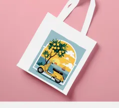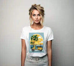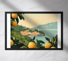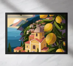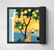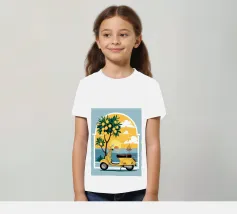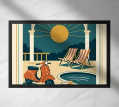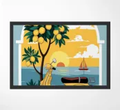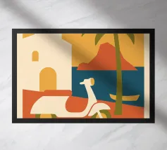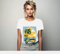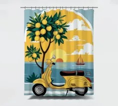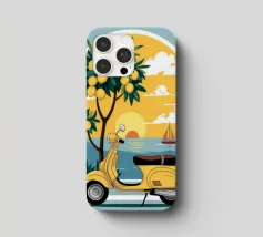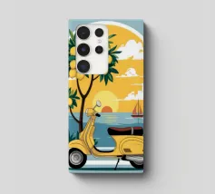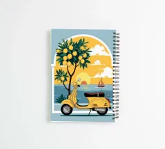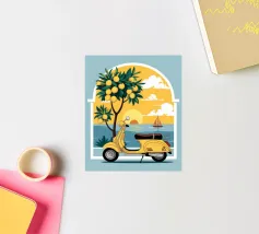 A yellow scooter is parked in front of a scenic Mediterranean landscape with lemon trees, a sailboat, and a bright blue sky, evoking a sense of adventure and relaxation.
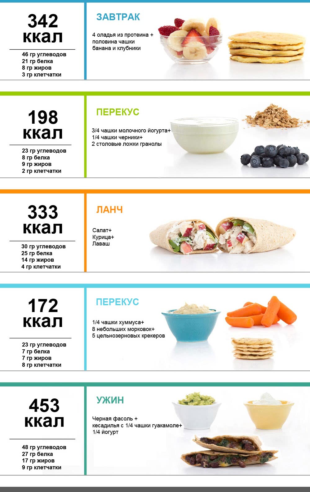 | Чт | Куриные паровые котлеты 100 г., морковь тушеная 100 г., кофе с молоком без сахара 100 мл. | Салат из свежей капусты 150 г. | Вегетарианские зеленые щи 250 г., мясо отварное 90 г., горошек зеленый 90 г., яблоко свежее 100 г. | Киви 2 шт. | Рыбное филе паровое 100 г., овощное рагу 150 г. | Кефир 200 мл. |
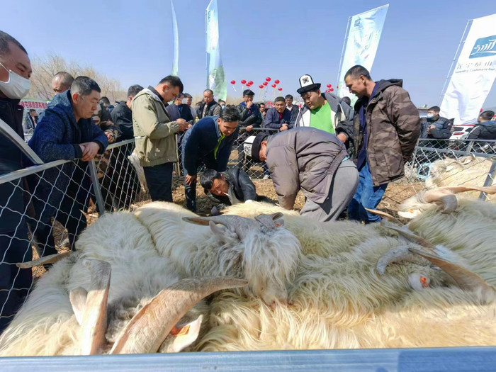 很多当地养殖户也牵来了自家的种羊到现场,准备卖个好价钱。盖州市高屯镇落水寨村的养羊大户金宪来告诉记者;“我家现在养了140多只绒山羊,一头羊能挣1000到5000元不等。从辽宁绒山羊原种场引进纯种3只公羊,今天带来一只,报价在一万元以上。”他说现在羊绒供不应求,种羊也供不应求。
──────
• [Goal of the exercise]:
Word for word, reproduce each line from the one with "Кефир 200 мл. |" through the last line of the material above, both included, and drop the pictures.

• [Completed exercise]:
 | Чт | Куриные паровые котлеты 100 г., морковь тушеная 100 г., кофе с молоком без сахара 100 мл. | Салат из свежей капусты 150 г. | Вегетарианские зеленые щи 250 г., мясо отварное 90 г., горошек зеленый 90 г., яблоко свежее 100 г. | Киви 2 шт. | Рыбное филе паровое 100 г., овощное рагу 150 г. | Кефир 200 мл. |
 很多当地养殖户也牵来了自家的种羊到现场,准备卖个好价钱。盖州市高屯镇落水寨村的养羊大户金宪来告诉记者;“我家现在养了140多只绒山羊,一头羊能挣1000到5000元不等。从辽宁绒山羊原种场引进纯种3只公羊,今天带来一只,报价在一万元以上。”他说现在羊绒供不应求,种羊也供不应求。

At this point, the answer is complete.